This page organizes papers related to artificial intelligence published around the world. This page is summarized using Google Gemini and is operated on a non-profit basis. The copyright of the paper belongs to the author and the relevant institution. When sharing, simply cite the source.
This paper introduces the Ever-Evolving Science Exam (EESE), a dynamic benchmark designed to assess the scientific understanding of foundation models. EESE was developed to address the risks of data leakage and the inefficiencies associated with large-scale testing. EESE consists of a private EESE-Pool containing over 100,000 expertly constructed scientific instances (question-answer pairs) across five domains and over 500 subdomains, and a periodically updated subset of 500 instances, EESE, for leak-proof and low-cost evaluation.
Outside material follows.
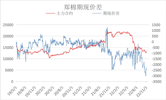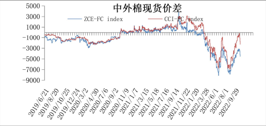 11月4日,鄭棉與CCI3128B指數價差為-2263元/噸,10月28日為-2960元/噸,期現價差有所縮小。

Experiments on 32 open-source and closed-source models demonstrate that EESE effectively distinguishes model strengths and weaknesses across both scientific domains and cognitive dimensions.
Takeaways, Limitations
•
Takeaways:
◦
Benchmark design that provides the reliability, scalability, and future compatibility required to evaluate the scientific understanding of foundation models.
◦
Reduces the risk of data leakage and enables efficient evaluation.
◦
Support for comparing and analyzing the scientific capabilities of various models.
•
Limitations:
◦
EESE-Pool is kept private and may have limited accessibility.
◦
Resources required for ongoing updates and maintenance of the benchmark.
◦
Benchmarks may be focused on specific scientific fields and subfields, which may limit generalizability to other fields.